• **What the task requires**
The line with "Bublanina mit Mandarinen, Himbeeren" marks the first line to copy, and the line with "Beda Flower 5D" marks the last. Transcribe that stretch of the data below exactly, without pictures.

[Excerpts from a dataset]
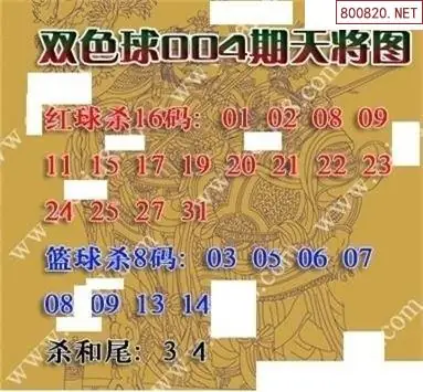 双色球26年004期天将红蓝杀号图谜
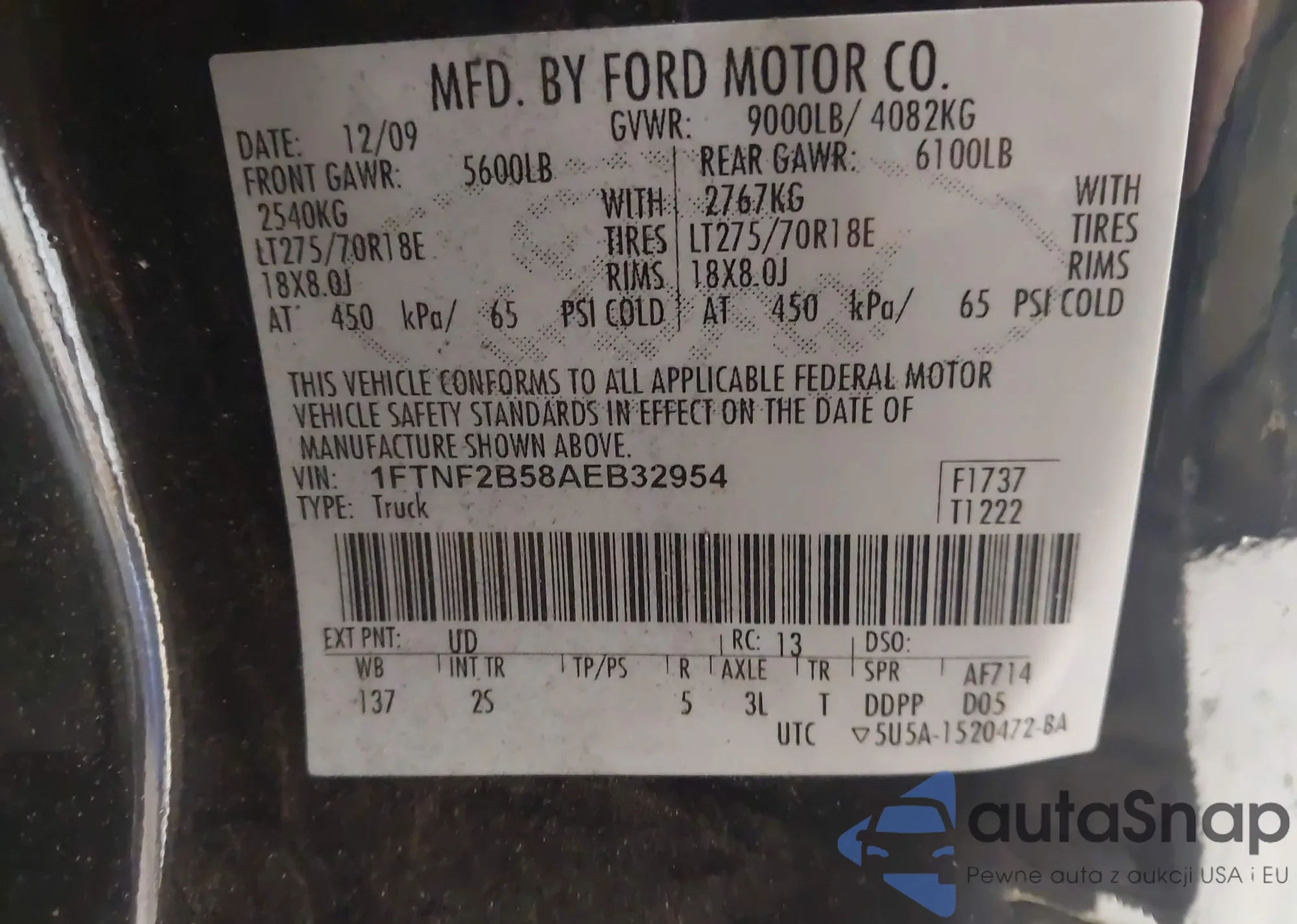 • VIN 1FTNF2B58AEB32954
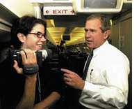 The other reporters may crack caustic jokes about Bush’s snowmobile-riding photo ops — in private — but when the candidate shifts to an even mildly serious discussion, their faces are stern and their tape recorders are rolling. And no wonder: Their future jobs in the White House press corps hinge on his success. As Bush informs the filmmaker, “If I lose, you’re out of work, baby. You’re off the plane, baby.”
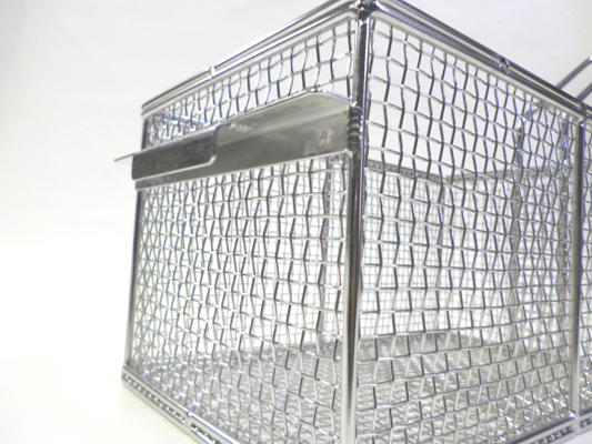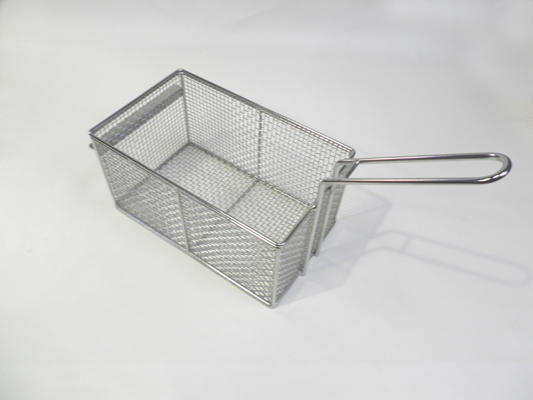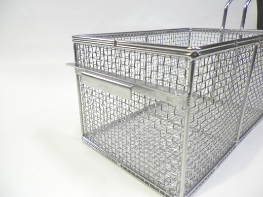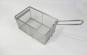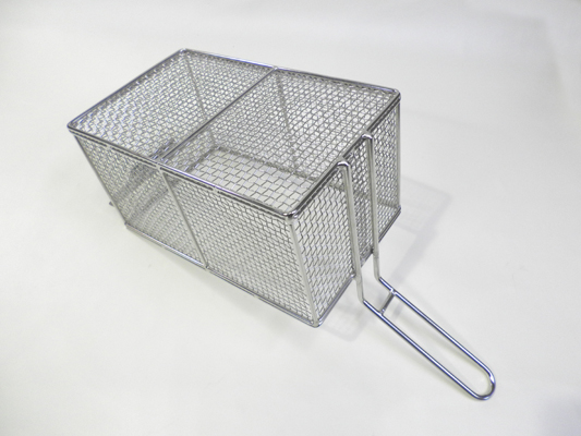 ポテトフライ、コロッケなどを揚げるためのカゴ。 前面フック部を針金でなくアングル仕上げにしているので、大変丈夫です。 フライヤーの油槽の寸法にあわせた別注製作も可能です。
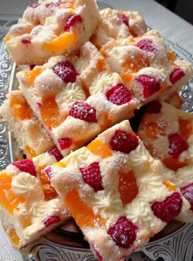 Bublanina mit Mandarinen, Himbeeren und Quark – ein zarter und saftiger Klassiker
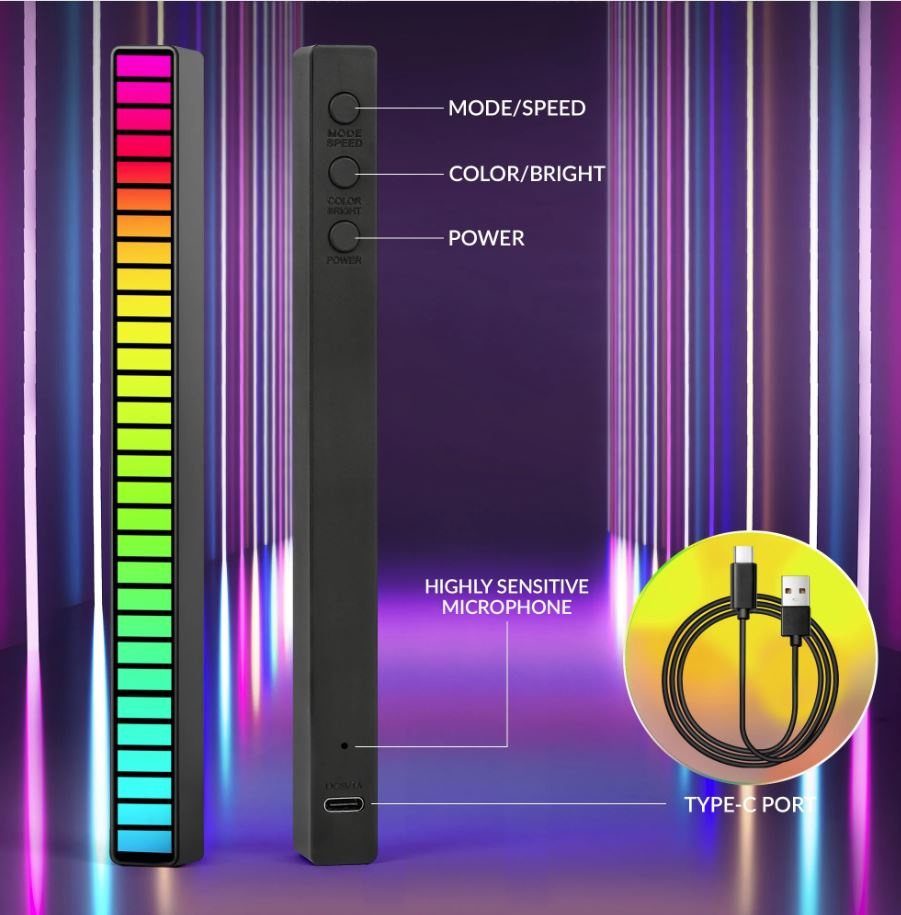 4 Levels of Brightness & 5 Levels of Speed – You can easily control the brightness, speed mode of the music levels light according to your preferences through the MODE/SPEED KEY and COLOR/BRIGHT KEY.
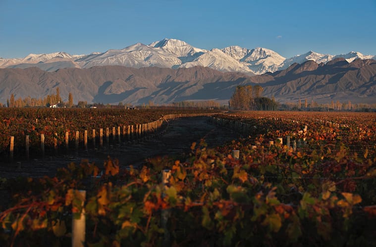 Vines are grown in higher elevations typically have lower yields from the vines. Grapevines do not need a lot of rain to produce complex and delicious wine. In Argentina, the main source of irrigation for vineyards is pure meltwater from the Andes Mountains. The water is pure, helping the wines to be pure by nature’s own design. Just look at how close the vineyards are to the Andes Mountains. This allows winemakers to make premium wines from very unique and interesting areas.
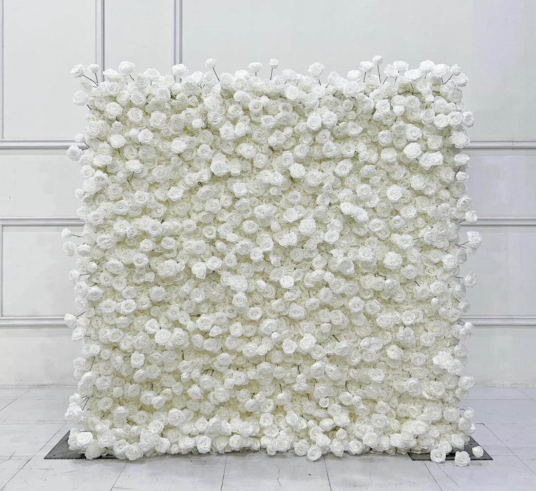 Beda Flower 5D Pure White Rose Peony Roll Up Silk Flower Wall Panel Wedding Event Backdrop Decor
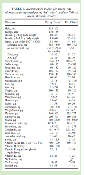 Sources of nutrient recommendations for preterm infants include the American Academy of Pediatrics Committee on nutrition, the European Society of Paediatric Gastroenterology and Nutrition Committee on Nutrition (ESPGAN-CON), National Neonatology Forum (NNF) (6) and the reasonable ranges of nutrient intakes published by Tsang et al (7).
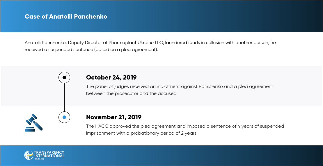 On November 21, 2019, the HACC found Anatolii Panchenko, Deputy Director of Pharmaplant Ukraine LLC, guilty of money laundering derived from crime. The court approved the plea agreement, so Panchenko was sentenced to 4 years in prison with a probationary period of 2 years.
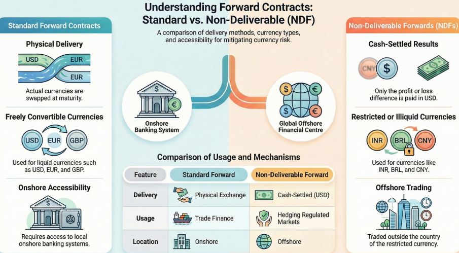 | Feature | Standard Forward Contract | Non-Deliverable Forward (NDF) |
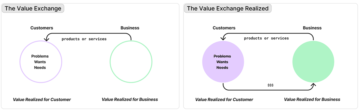 Valoarea este creată atunci când companiile dezvoltă produse care rezolvă probleme reale ale clienților, sau iau în considerare nevoi și dorințe ale acestora. Doar în momentul în care această condiție este îndeplinită, valoarea oferită clienților se reflectă în valoare pentru companie.
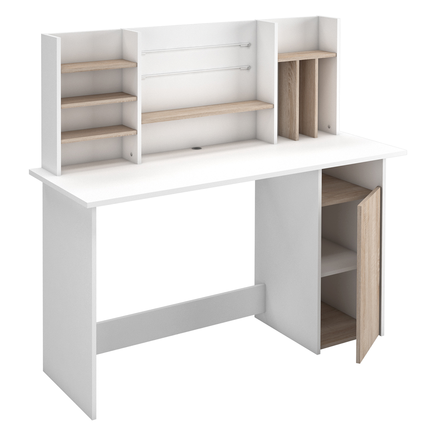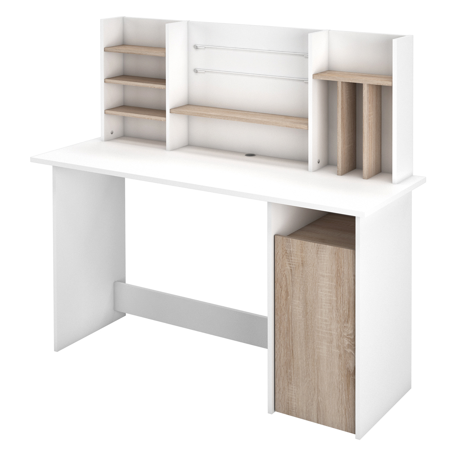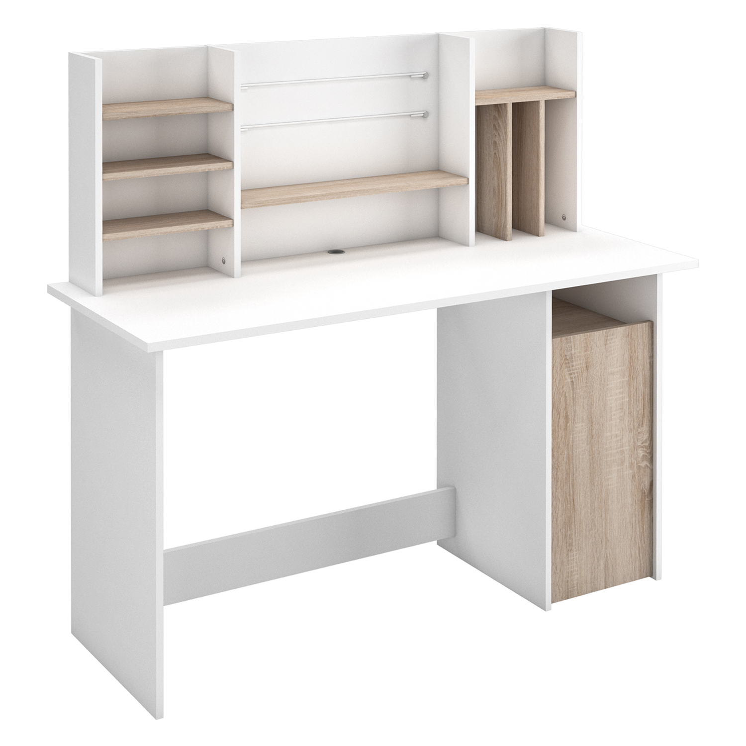 Stôl AMBRE sa krásne hodí do každej modernej miestnosti, vďaka jeho dekoru dub Sonoma / biela a otvoreným policiam si ho môžete zariadiť podľa svojho vkusu. Do políc sa zmestia bábiky a rozprávkové knihy, ako aj učebnice alebo pracovné dokumenty. Na priestranných policiach sa však budú krásne vynímať aj rôzne dekorácie alebo rodinné fotografie. Váš písací stôl tak bude odrážať váš životný štýl a vkus. Moderný svetlý písací stôl nájde svoje uplatnenie nielen v kanceláriách a pracovniach, ale aj v spálni, detskej izbe alebo garsónke, jednoducho všade tam, kde nielen pracujete, ale aj bývate. Tento krásny písací stôl udrží krok s rýchlym životným tempom a bude vám vždy dobre slúžiť.
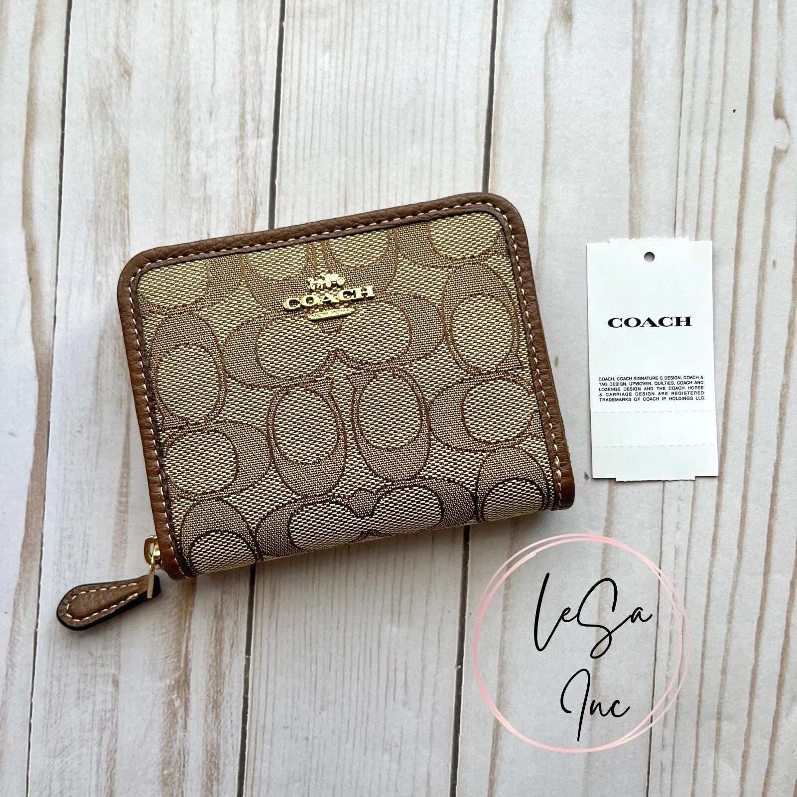 Cartera Coach Small Zip Around Wallet In Signature Jacquard - Marrón

• **Solved exercise**
 Bublanina mit Mandarinen, Himbeeren und Quark – ein zarter und saftiger Klassiker
 4 Levels of Brightness & 5 Levels of Speed – You can easily control the brightness, speed mode of the music levels light according to your preferences through the MODE/SPEED KEY and COLOR/BRIGHT KEY.
 Vines are grown in higher elevations typically have lower yields from the vines. Grapevines do not need a lot of rain to produce complex and delicious wine. In Argentina, the main source of irrigation for vineyards is pure meltwater from the Andes Mountains. The water is pure, helping the wines to be pure by nature’s own design. Just look at how close the vineyards are to the Andes Mountains. This allows winemakers to make premium wines from very unique and interesting areas.
 Beda Flower 5D Pure White Rose Peony Roll Up Silk Flower Wall Panel Wedding Event Backdrop Decor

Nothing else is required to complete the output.